Here’s a dish that’s will blow your mind! Creamy Beer Cheese Chicken with Crispy Bacon. The name alone is enough to make you hungry, right? It’s everything you love: juicy chicken, rich beer cheese sauce, and crispy bacon all in one comforting dish. I made this for a last-minute dinner with friends, and it quickly became the star of the night. Bonus: It’s surprisingly easy to make, so you can whip this up anytime you’re craving some seriously indulgent comfort food!

Why You’ll Love This Recipe

  • Creamy, Cheesy Goodness: The beer cheese sauce is ridiculously creamy with just the right amount of sharp cheddar to make it sing.
  • Bacon Power: Who doesn’t love crispy bacon? It adds that perfect salty crunch.
  • Quick and Satisfying: With a 30-minute cook time, you can have this on the table faster than you’d think for something this fancy.
  • Flavor Bomb Chicken: The beer marinade really kicks up the flavor of the chicken, making it juicy and tender.

Ingredients

Chicken

  • Chicken breasts: Boneless, skinless, and soaking up all that beer marinade goodness.
  • Lager: Adds depth and flavor without being too heavy. Plus, it keeps the chicken super moist.
  • Garlic, salt, and pepper: Simple, but key for seasoning that chicken just right.

Sauce

  • Bacon: Crisped to perfection—seriously, don’t skip this.
  • Butter (optional): If you need extra fat for sautéing.
  • Onion & celery: Adds a subtle sweetness and savory depth.
  • Garlic: Because everything’s better with garlic.
  • Flour: Thickens the sauce just enough to coat the chicken beautifully.
  • Milk: I went with 2%, but feel free to use whatever you have. Heavy cream makes it even richer!
  • Lager & chicken stock: The beer brings a slight bitterness that balances the richness of the cheese, and the chicken stock lightens it up.
  • Worcestershire sauce & Dijon mustard: Adds a subtle tang and complexity.
  • Hot sauce: Just a dash for a little kick.

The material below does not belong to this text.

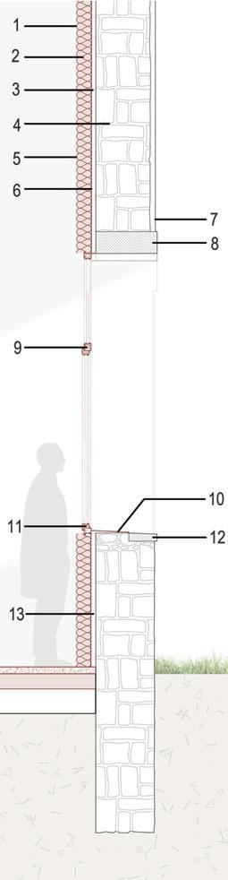 1 2 3 4 5 6 7 - Plaque de plâtre - Laine de chanvre - Traverse bois - Moellons - Pare-vapeur - Pare-pluie HPV - Enduit à la chaux 8 9 10 11 12 13

Optional, but highly recommended.
  • Cheddar cheese: The star of the sauce—go for sharp cheddar for the best flavor.
  • Salt & pepper: Adjust to taste at the end.

Variations

  • Vegetarian Version: Swap the chicken for mushrooms or tofu and use veggie stock instead of chicken stock.
  • Different Cheese: Try Gruyère or a smoked cheese for a different twist.
  • Extra Veggies: Add in mushrooms or spinach for more flavor and texture.

How to Make the Recipe

1. Marinate the Chicken

Creamy Beer Cheese Chicken with Crispy Bacon Recipe

First things first, combine your lager, garlic, salt, and pepper in a shallow bowl. Add the chicken breasts, cover them, and let them marinate in the fridge for at least 2 hours, or overnight if you’ve got time. If you’re in a rush, even 20 minutes will help the beer soak in. This step is what makes the chicken extra flavorful and juicy!

2. Cook the Chicken

Creamy Beer Cheese Chicken with Crispy Bacon Recipe

Take the marinated chicken out of the fridge 20 minutes before cooking so it can come to room temp. Heat your skillet over medium-high heat, drain the chicken from the marinade, and fry the breasts in a little oil until they’re golden brown and cooked through—about 6-8 minutes per side. Transfer the chicken to a plate and keep it warm.

3. Crisp Up That Bacon

In the same skillet, cook your bacon until it’s crispy—about 6 minutes. Once it’s done, transfer it to a paper towel-lined plate to drain, but leave the bacon fat in the pan (trust me, that’s flavor gold). If you’re low on bacon fat, toss in a little butter for good measure.

4. Sauté the Veggies

Creamy Beer Cheese Chicken with Crispy Bacon Recipe

Now, toss your diced onion and celery into that bacon fat and cook them until they’re soft and starting to brown, about 6 minutes. Then, stir in the garlic and let it cook until fragrant—just about a minute.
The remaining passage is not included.